Official ScopeHold CLI and agent skill for provisioning agent profiles, listing accessible secrets, and resolving ScopeHold-managed credentials from local developer and agent runtimes.
The CLI is a thin wrapper around ScopeHold's public API. It is the recommended path because it gives agents a repeatable local profile and restrictive credential-file permissions. The same provisioning, inventory, and resolve workflows remain available through direct API calls when a user chooses API-only operation or the CLI cannot be installed.
Install from npm:
npm install -g @scopehold/cliIf npm installs successfully but your shell cannot find scopehold, check the global npm prefix:
npm prefix -g
<prefix>/bin/scopehold --helpCheck the install:
scopehold --helpscopehold agent provision --url "<provisioning-url>" --token "<one-time-token>" --profile "<profile>"
scopehold status --profile "<profile>"
scopehold inventory --profile "<profile>"
scopehold resolve openai/api_key --profile "<profile>"
scopehold exec -- npm testThe CLI stores long-lived Agent Key material under the user's home directory, outside the repo:
~/.scopehold/
config.json
credentials.json
The directory is written with 0700 permissions. Credential files are written with 0600 permissions.
Project-local .scopehold.json files must contain only non-secret context and optional env-var-to-secret mappings:
{
"apiUrl": "https://api.scopehold.com",
"profile": "scopehold-agent-abc123",
"workspaceSlug": "workspace",
"projectSlug": "project",
"secrets": {
"OPENAI_API_KEY": {
"provider": "openai",
"name": "api_key"
}
}
}Do not store Agent Keys, provider secret values, OAuth credentials, database URLs, or credential payloads in .scopehold.json.
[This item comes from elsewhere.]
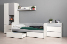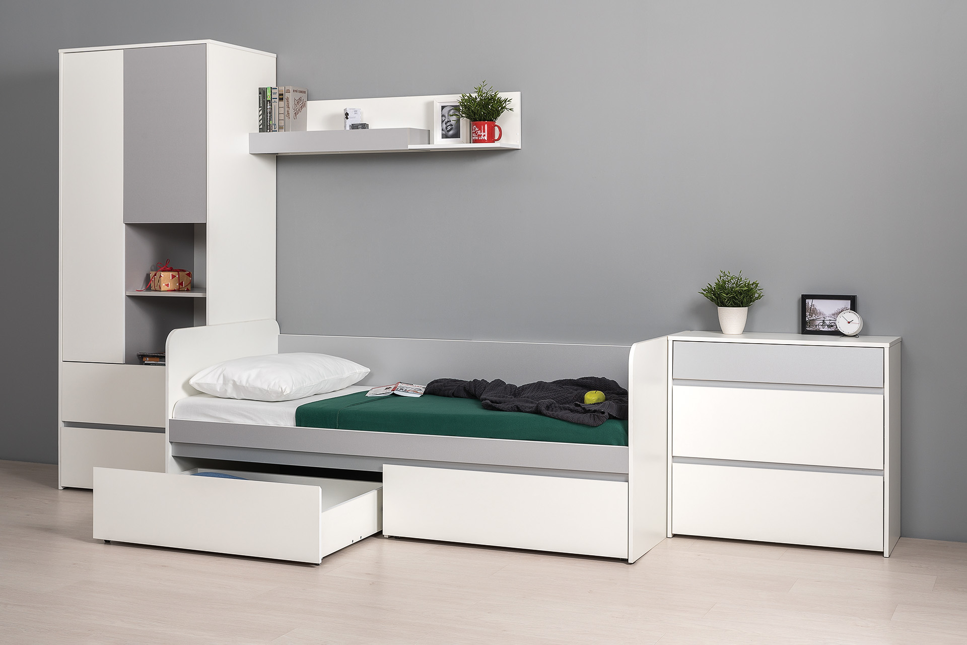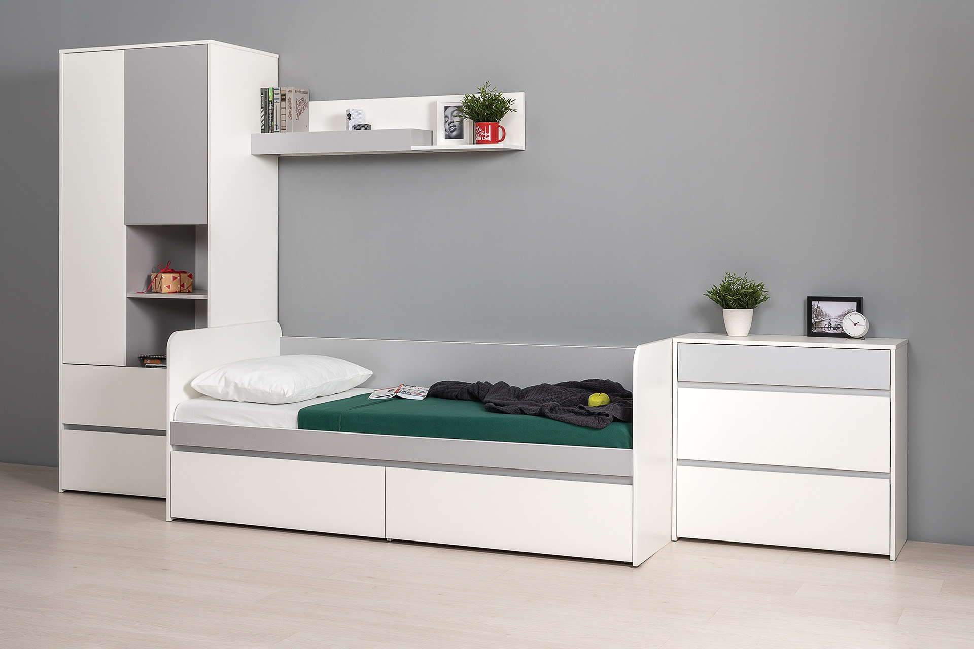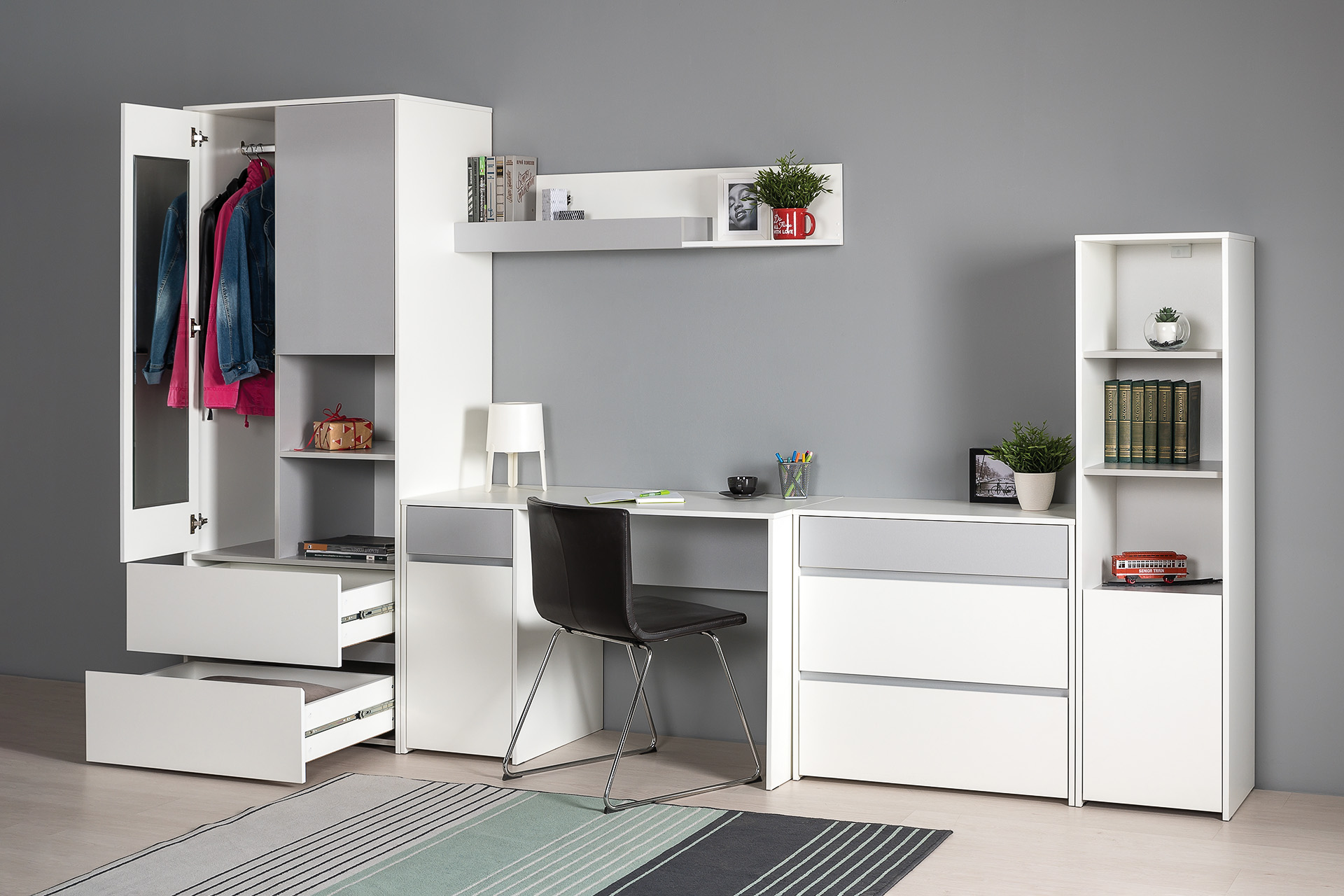 Базовый белый цвет, сочетаясь с акцентным серым, создаёт нейтральную основу интерьера, чтобы подчеркнуть личные вещи и аксессуары.

scopehold exec resolves the mapped secrets in .scopehold.json, injects them into the child process environment, and does not write resolved values to disk:
scopehold exec -- npm testThe API can mirror the underlying resolve calls, but it cannot launch a local process or inject environment variables by itself. API-only agents can reproduce the outcome by resolving each required secret through /resolve and setting environment variables in their own runtime.
The CLI removes ScopeHold Agent Key environment variables before launching the child process. Only the secrets mapped in .scopehold.json are added to the child process environment.
The npm package includes reusable ScopeHold Agent Guidance at:
skills/scopehold-agent/SKILL.md
Use it when an agent receives a ScopeHold provisioning prompt, Agent Key, CLI profile, .scopehold.json config, or needs to list or resolve ScopeHold-managed secrets safely. Install or register it using the normal mechanism for your agent runtime. The CLI does not install skills or rules because Claude Code, Codex, Cursor, and other agents use different extension formats and locations.
Provisioning:
curl "<provisioning-url>" \
-H "Content-Type: application/json" \
-d '{"token":"<one-time-token>"}'Inventory:
curl "https://api.scopehold.com/resolve/inventory" \
-H "Authorization: Bearer <Agent Key>"Resolve:
curl "https://api.scopehold.com/resolve" \
-H "Authorization: Bearer <Agent Key>" \
-H "Content-Type: application/json" \
-d '{"provider":"<provider-slug>","name":"<secret-name>","environment":"<optional-environment>"}'Never paste Agent Keys or resolved secret values into chat, GitHub issues, PRs, docs, logs, or repo files.